Vice Media had 27 million unique visitors in September, down from
49.1 million
in March 2016,
according to comscore. In
addition to measuring traffic to Vice’s websites, its comScore
number also includes traffic from websites like SEO-focused
Ranker, Metalinjection.net and
ModernFarmer.com.

Per the report, Vice Media is expected to make $600 to $650
million this year, which is flat with its 2017 revenue. The
company reportedly is on track to lose more than $50 million this
year in addition to losing $100 million in 2017.

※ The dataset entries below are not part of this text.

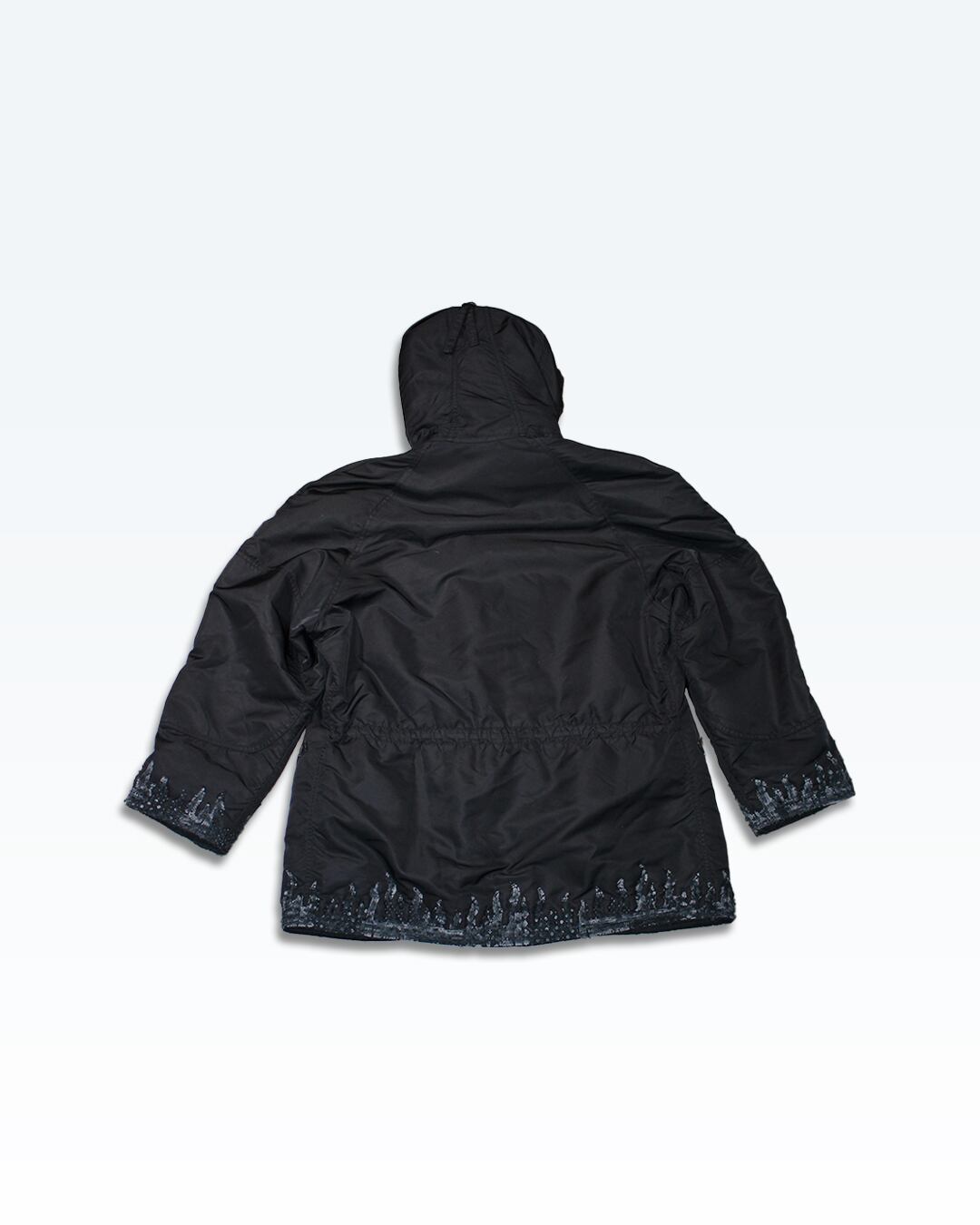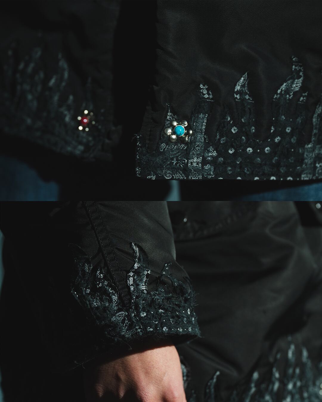 裾と袖にペイズリー調ファイヤーパターンを縫製。
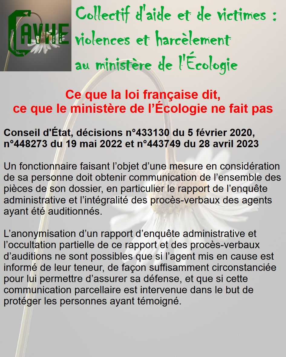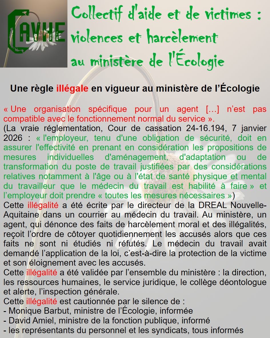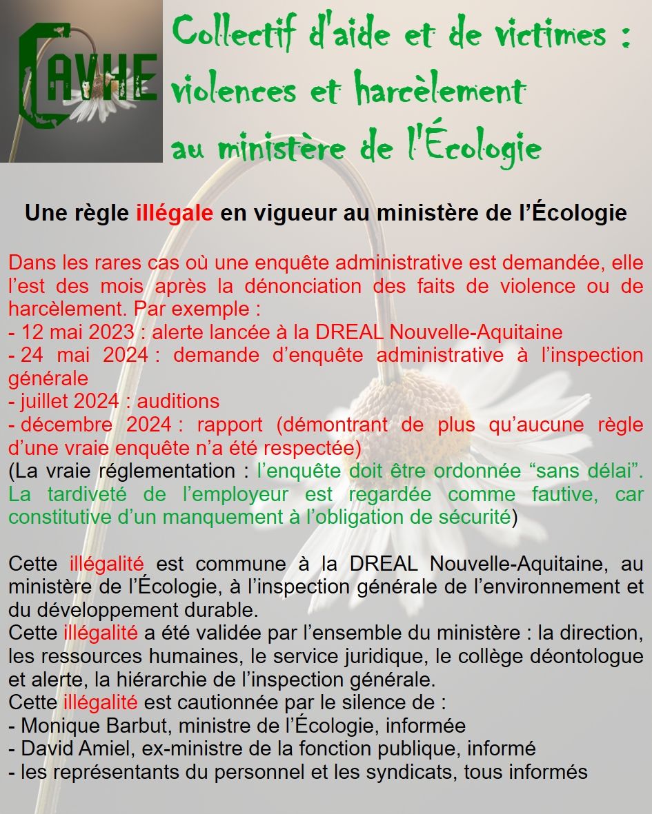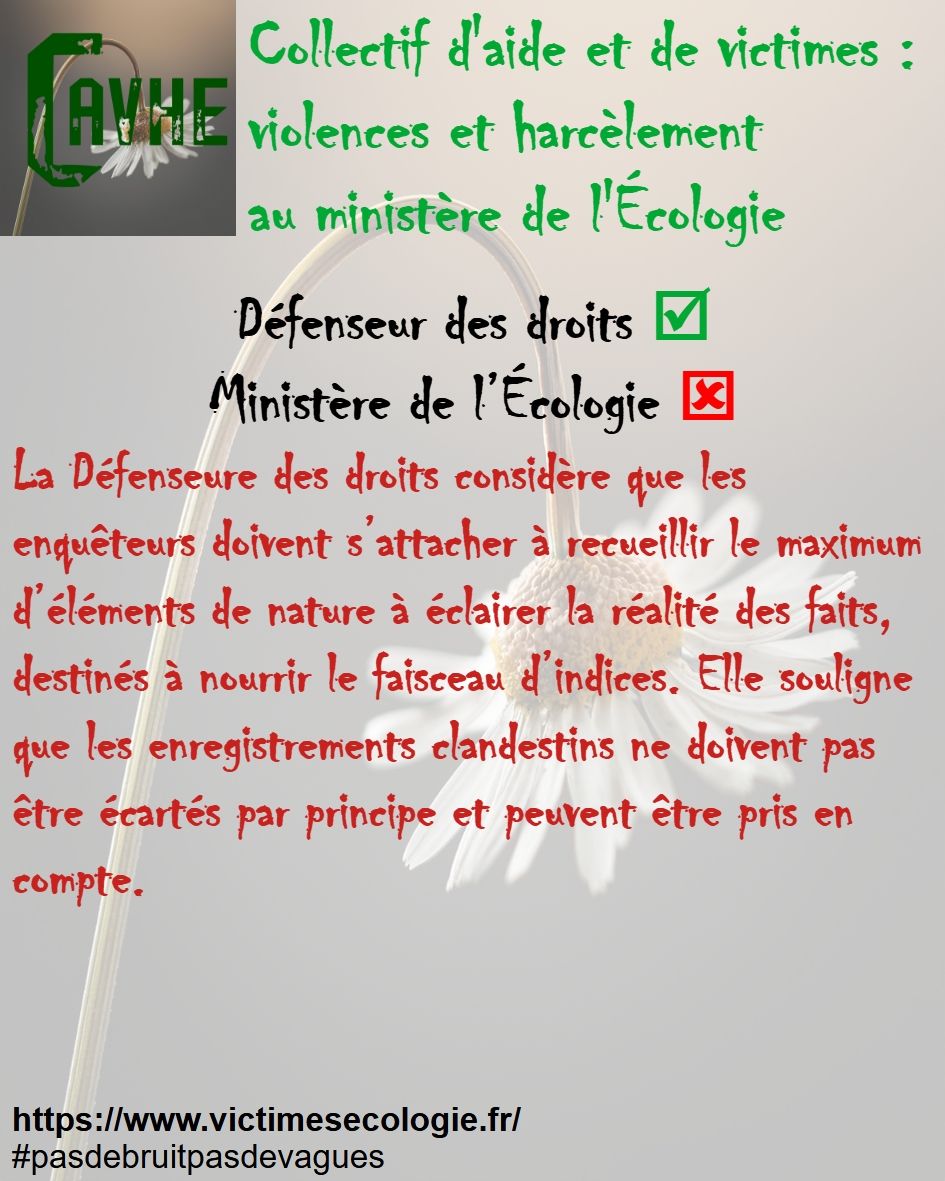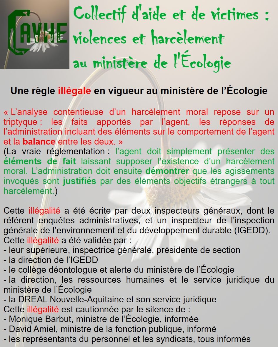 Même si les lois françaises sont censées vous protéger, gardez en mémoire qu’elles ne sont pas appliquées au ministère de l’Écologie, que l’objectif sera d’étouffer votre affaire, par tous les moyens, que vous deviendrez coupable, que vous serez menacé et sanctionné et, enfin, que vous serez muté de force.
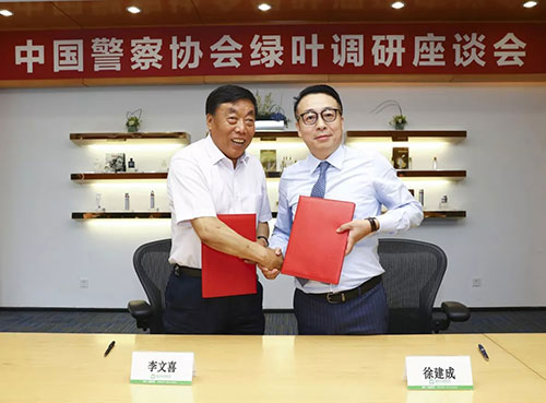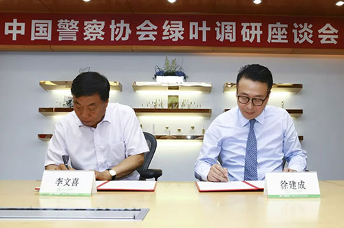 李文喜副主席和徐建成董事长分别代表中国警察协会和绿叶科技集团,共同签署绿基金向辽宁省警察协会困难民警捐赠协议书。
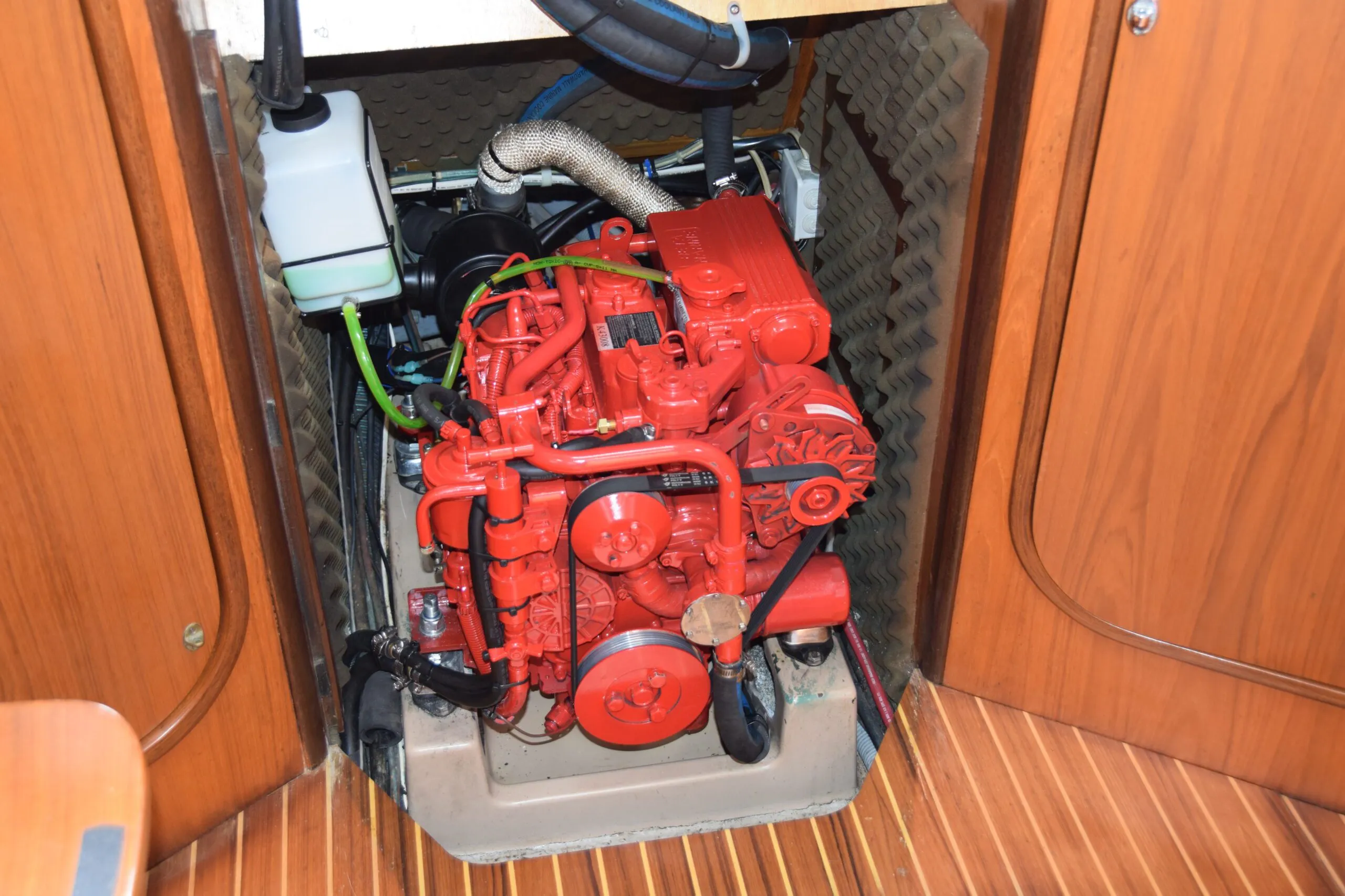 Servicing access to the engine compartment is excellent with the removable companionway stairs and an opening cabinet in the aft cabin.
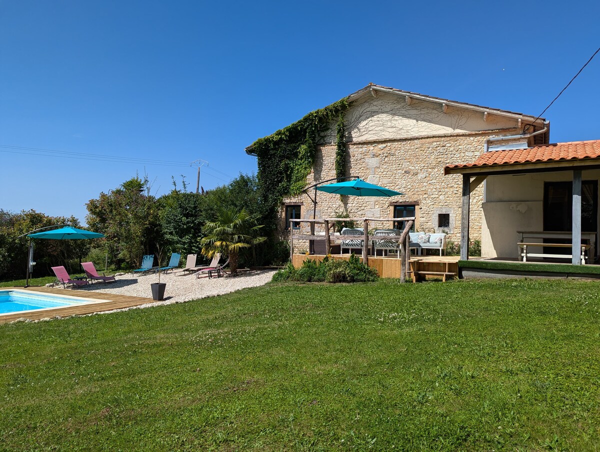 Casa rural con piscina en la frontera entre Charente y Dordoña
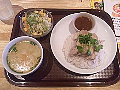 さて,やって来たのはこんな感じ。いつもと違ってサラダとスープが左側に置かれた。あれれ,これって逆なのかも知れない,と思ったが,ご飯のタレは向こう側なので,やはりこれでいいのかと思いつつ,いただく。このタレをご飯の上の鶏肉の上にさーっとかける。そして一口いただくが,実にいい味だ。そんなに辛くはないが,旨みのある味である。そして,いかにもタイらしい香辛料の味と香りである。

“At a time of seismic change across the media landscape, Vice has
never been better positioned to continue its remarkable growth,
further cementing its status as one the most impactful and
innovative youth brands worldwide,” the company’s board of
directors said in a statement. “From its deep library of
critically-acclaimed programming, to its diversified revenue
streams and channels across digital, mobile, television, film and
branded content, Vice’s audience has never been bigger, more
global, more diverse or younger.”

Vice’s web audience is shrinking

Vice Media has built scale in digital media by focusing its
coverage on specific verticals like Noisey (which covers music),
Broadly (for women), Munchies (for
food) and Vice News. Duboc reportedly plans to fold several of
its existing verticals together to form three to five core
verticals, according to The Wall Street Journal’s sources.

Instead of focusing on web publishing, Vice Media plans to beef
up its television and movie business to make third-party
programming.

Vice’s in-house agency Virtue
(formerly Carrot)
is also a priority.

Virtue recently
signed a deal
with entertainment brand El Rey to launch an
agency catering specifically to the US Hispanic market.

According to a recent interview
with The Hollywood Reporter,
Vice Media is preparing to
launch a live news show called “Viceland Live” on Viceland, the
channel operated by A+E Networks. Vice’s current weekly show on
HBO is also in the process of winding down this season.

Duboc came into Vice Media earlier this year amid
sexual-harassment allegations and financial concerns over
whether or not the digital media company can live up to its $5.7
billion valuation, including
a $450 million
investment from private equity firm TPG last
year.

“Of course, there’s pressure,” Duboc told The Hollywood
Reporter. “Like any good Hollywood story, people look for the
Caped Crusader. The reality is never as simple.”